А мы тем временем возвращались с базара, нагруженные добром. Я нёс в сумке буханку хлеба, яблоки, кусочек жёлтого масла в тряпице и связку моркови. Тётя Фаня держала зелёный чайник с кипятком, а другой рукой прижимала к себе, словно котёнка, крынку молока.

Волга

Мама трясла меня за плечо:

– Проснись, ленивец!

Ей не жаль будить, не жаль вынуть меня из этого сна, – там в нашем саду на ветках свисают куски яблочного пирога. Стоило только протянуть руку…

Сон разбивается на мелкие осколки…

– Посмотри, где солнце!

Я не хочу смотреть на солнце. Когда ни встанешь, оно над крышами. Небо здесь пустое, без облаков и самолётов. Откроешь глаза – нет нашего сада, нет пирога с глазурной коркой… Вокруг – чужие койки, из-под одеяла торчат ноги в драных носках.

Больше месяца нас качали поезда в обратную сторону от войны. Всё дальше и дальше. А в Сталинграде застряли. Путь преградила Волга.

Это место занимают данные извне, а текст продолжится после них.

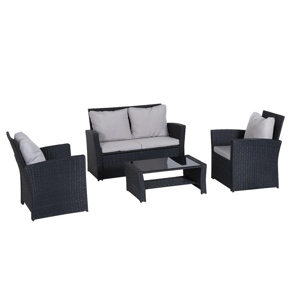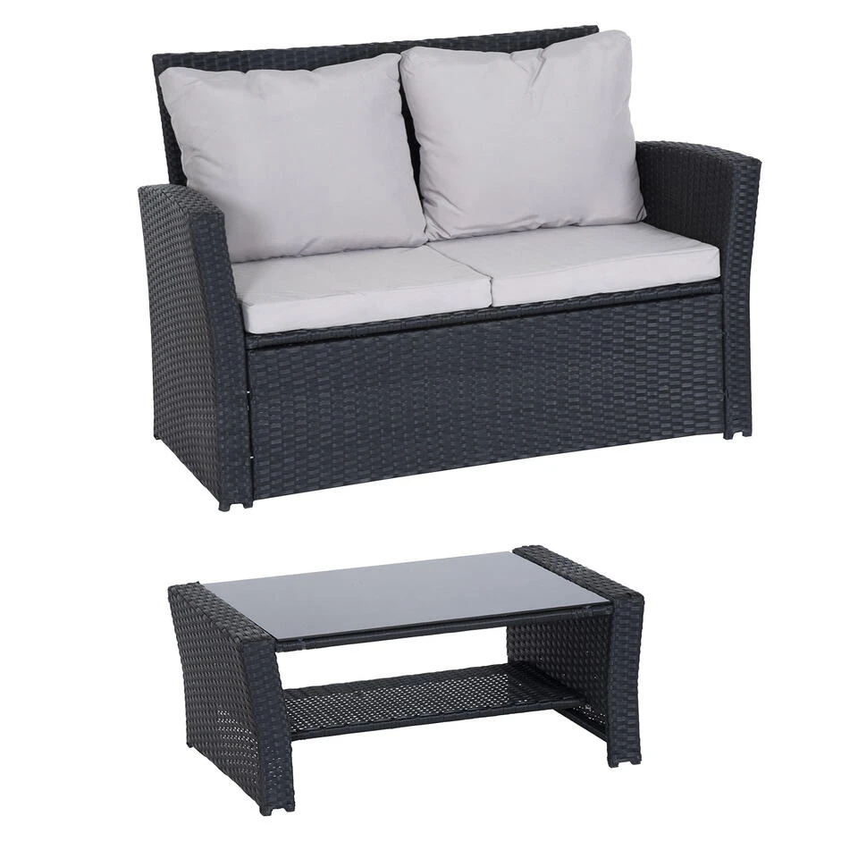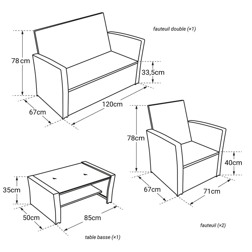 Deze SINTRA tuinmeubelset is zowel stijlvol als comfortabel en zal perfect zijn voor zomerfeesten. U zult uw gasten op uw terras of balkon kunnen ontvangen om van de zonnige dagen te genieten: de 2-zitsbank en de twee enkele fauteuils kunnen rond de salontafel worden geplaatst, afhankelijk van uw ruimte. Dankzij de constructie van geweven hars, een stevig en licht materiaal dat weerbestendig en gemakkelijk te onderhouden is, zult u jarenlang plezier hebben van uw tuinmeubelen. Dit model is verkrijgbaar in verschillende kleuren, afhankelijk van de stijl die u aan uw buitenmeubilair wilt geven.

Ежедневно на город накатывала волна эвакуации, а отлив был капельный. Приезжие селились где придётся, лишь бы крыша была над головой. Нам достался чуланчик на Центральном стадионе. Это было удобно: вблизи маячила баня, из тонкой высокой трубы всегда курился дымок.

Раз в неделю нас водили мыться. Одежду сдавали в прожарку, иначе говоря – в вошебойку, откуда вещи возвращались задубелыми, с устойчивой вонью дуста.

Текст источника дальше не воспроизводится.